ASSIGNMENT:
Give every line from the entries that contains "with".

SUPPLIED ENTRIES:
[Start of section]

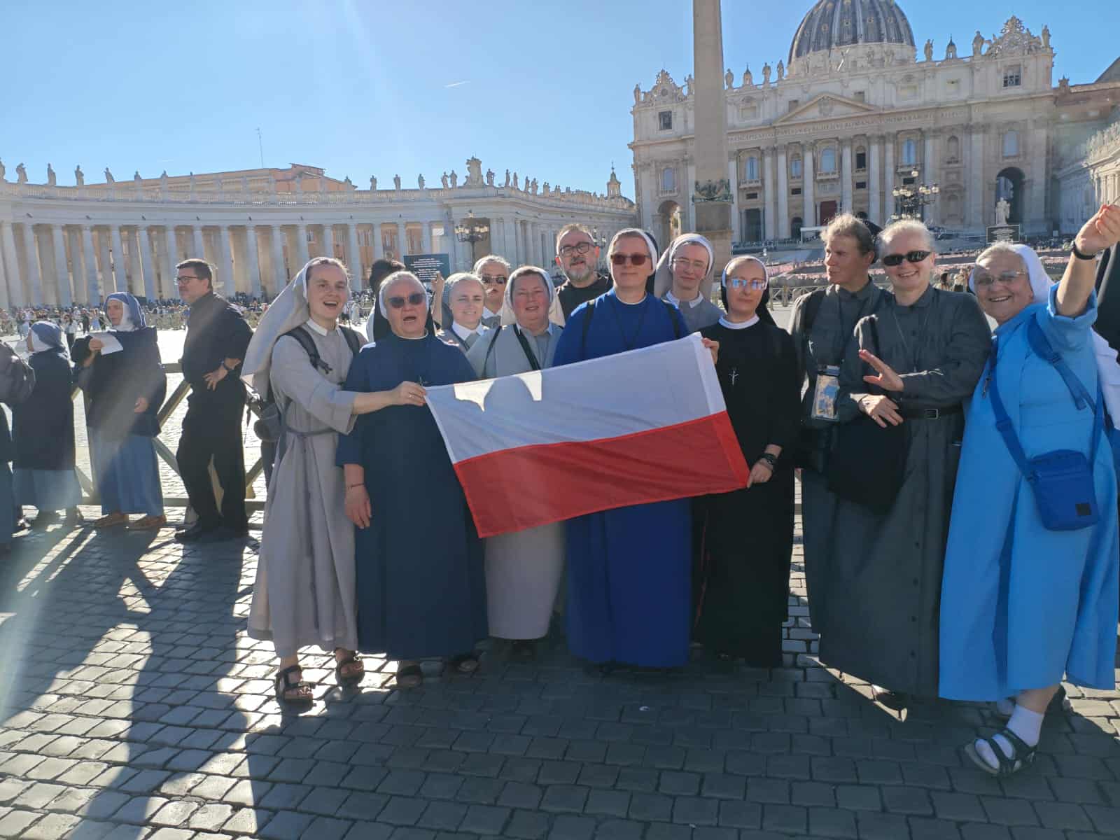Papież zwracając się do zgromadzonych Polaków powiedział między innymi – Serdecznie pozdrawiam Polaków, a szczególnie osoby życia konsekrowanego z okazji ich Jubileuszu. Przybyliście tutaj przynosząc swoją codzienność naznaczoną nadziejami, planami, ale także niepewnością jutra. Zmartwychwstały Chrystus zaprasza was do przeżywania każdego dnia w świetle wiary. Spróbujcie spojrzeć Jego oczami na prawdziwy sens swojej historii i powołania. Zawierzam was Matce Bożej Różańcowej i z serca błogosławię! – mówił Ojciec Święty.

[End of section]
[Start of section]

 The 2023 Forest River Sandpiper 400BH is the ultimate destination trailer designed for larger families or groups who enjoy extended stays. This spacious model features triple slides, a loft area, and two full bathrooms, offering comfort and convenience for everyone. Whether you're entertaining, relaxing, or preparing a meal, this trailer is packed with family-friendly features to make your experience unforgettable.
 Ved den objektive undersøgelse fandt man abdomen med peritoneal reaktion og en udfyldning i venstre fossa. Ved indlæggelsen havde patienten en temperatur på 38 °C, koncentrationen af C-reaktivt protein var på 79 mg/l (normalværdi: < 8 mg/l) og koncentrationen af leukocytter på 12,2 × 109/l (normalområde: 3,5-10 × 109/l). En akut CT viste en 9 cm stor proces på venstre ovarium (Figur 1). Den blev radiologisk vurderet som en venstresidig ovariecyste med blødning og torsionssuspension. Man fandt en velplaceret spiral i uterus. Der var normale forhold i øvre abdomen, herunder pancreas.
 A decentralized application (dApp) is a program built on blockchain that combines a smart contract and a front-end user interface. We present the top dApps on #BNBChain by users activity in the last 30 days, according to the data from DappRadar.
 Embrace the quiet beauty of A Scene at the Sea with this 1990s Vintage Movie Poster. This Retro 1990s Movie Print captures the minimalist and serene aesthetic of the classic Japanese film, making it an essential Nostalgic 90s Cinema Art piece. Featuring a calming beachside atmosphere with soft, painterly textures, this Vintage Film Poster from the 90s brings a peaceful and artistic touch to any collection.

[End of section]

RESULT FOR THIS EXERCISE:
 The 2023 Forest River Sandpiper 400BH is the ultimate destination trailer designed for larger families or groups who enjoy extended stays. This spacious model features triple slides, a loft area, and two full bathrooms, offering comfort and convenience for everyone. Whether you're entertaining, relaxing, or preparing a meal, this trailer is packed with family-friendly features to make your experience unforgettable.
 Embrace the quiet beauty of A Scene at the Sea with this 1990s Vintage Movie Poster. This Retro 1990s Movie Print captures the minimalist and serene aesthetic of the classic Japanese film, making it an essential Nostalgic 90s Cinema Art piece. Featuring a calming beachside atmosphere with soft, painterly textures, this Vintage Film Poster from the 90s brings a peaceful and artistic touch to any collection.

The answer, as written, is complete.